When receivers of the defendant’s roads and property were appointed, March 20, 1896, they were directed to pay claims for, among other things, supplies used in operating the roads during the six months next previous. Afterwards, May 29th, on motion of the American Loan & Trust Company, mortgagee, payment was restrained for classifying the accounts and funds. Upon classified accounts filed by the receivers, and a motion to so modify the restraining order- as to allow payment of such claims as accrued on the New London Northern system, and those less than $100 each and 25 per cent, of others that accrued on the main line, payment of the face of the New London claims and of the small claims has been allowed, and that part of the motion relating to the main line has been heard. The classification was asked, and the payment has been opposed, because, as has been said, the payments would or might, if made, come out of funds belonging to the mortgagee. All of the claims appear to have amounted to $284,083.48. The receivers appear to have taken over from the defendant stocks •of supplies on hand amounting to $271,722.33; of station agents, *621v 142,879.96; and other miscellaneous items amounting to $82,267.68,— in all, $496,869.97. The conditions of the mortgages were not broken till January 1, 1897, and the mortgagees would not be entitled to possession, nor to the net earnings as profits, till then. By conservative estimates as to what are operating expenses and what are permanent improvements, the roads now in question much more than paid all operating expenses from the beginning of the receivership to the breach of the conditions of the mortgages. Besides this, the excess of net earnings, which came to the hands of the receivers, over operating expenses and fixed charges paid by them before breach of the conditions of the mortgages, would seem to exceed the amount of these preferred claims, and, with the permanent improvements made by the receivers during that time, would largely exceed them. In this view, the payment of the residue of these preferred claims would not come out of the mortgaged property, nor out of any net earnings to which the mortgagees may be entitled, but out of the general funds of the receivership arising from the operation of the. roads before the mortgagees became entitled to possession, or to claim the net earnings.

Some suggestion has been made that claims not properly of this class were paid before the stay, which may have exhausted the funds applicable to those unpaid. But such diversion, if any, should be corrected otherwise than from funds belonging to these claimants. This subject has lately been before the supreme court of the United States in Virginia & A. Coal Co. v. Central Railroad & Banking Co. of Georgia, 18 Sup. Ct. 657 (decided May 9). The cases are there reviewed, and thfe statement from Fosdick v. Schall, 99 U. S. 252, that "every railroad mortgagee, in accepting his security, impliedly agrees that the current debts made in the ordinary course of business shall be paid from the current receipts before he lias any claim on the income,” is again approved. Mr. Justice White for the court further said:

•‘It was thus settled that, where coal is purchased by a railroad company for use in operating’ lines of railway owned and controlled by it, in order that they may be continued as a going concern, and where it was the expectation of the parties that the coal was to be paid for out of current earnings, the indebtedness, as between the party furnishing the materials and supplies and the holders of bonds secured by a mortgage upon the property, is a charge in equity on the continuing Income, as well that which may come into the hands of a court after a receiver has been appointed as that before. It is immaterial in such ease, in determining the right to be compensated out of the surplus earnings of the receivership, whether or not during the operation of the railroad by the company there had been a diversion of income for tbe benefit of the mortgage bondholders, either in payment of interest on mortgage bonds or expenditures l'or permanent improvements upon the property. Nor is the equity of a current supply claimant, in subsequent income arising from the operation of a. railroad under the direction of the court, affected by the fact that, while the company is operating its road, its income is misappropriated and diverted to purposes which do not inure to the benefit of the mortgage bondholders, and are foreign to the beneficial maintenance, preservation, and improvement of the property.”
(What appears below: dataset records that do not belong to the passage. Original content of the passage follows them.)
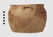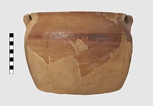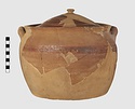 | Description: | Base, lower part of pot, and knob of lid are missing. Restored in plaster. Deep jar with open mouth, inside ledge for lid, vertical loop handles set close against rim; domed lid. Brown glaze on inside; on inside of rim; in a band around the shoulder and in broad bands on top of lid. Cf. Agora XII, nos. 1534 and 1555. Addenda May 2015: Ann Steiner suggests that the jar should be compared with Agora XII, nos. 1534 and 1536, not no. 1555. | |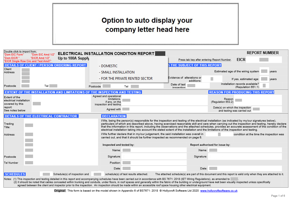 Our EICR form can be used to display: - Domestic, - Small Installation, - For the Private Rented Sector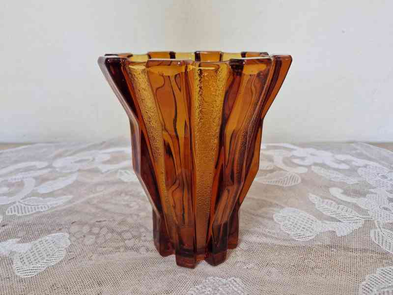 Zajímavá kubistická váza z medového skla - Rudolf Schroter Inwald ?, 1 pol. 20 stol.

In any view of the situation in this case, upon the principles so settled, these claimants appear to be entitled to payment from the earnings of the roads available for that purpose, and sufficient of *622them appear to be available early in July for this 25 per cent. The stay should be so modified as to permit this payment.

Some question has been made about the coming of some of the claims within the time, and being for the proper purpose; and opportunity should be afforded for parties interested to make objection specifically to particular claims for either of these reasons. The list is on file, and the time before the 1st of July seems sufficient for filing objections to any of them. Stay so modified as to permit payment after the 5th of July of 25 per cent, of claims against which specific objections are not filed by the 1st of July, and objections to stand for disposition on the 5th of July.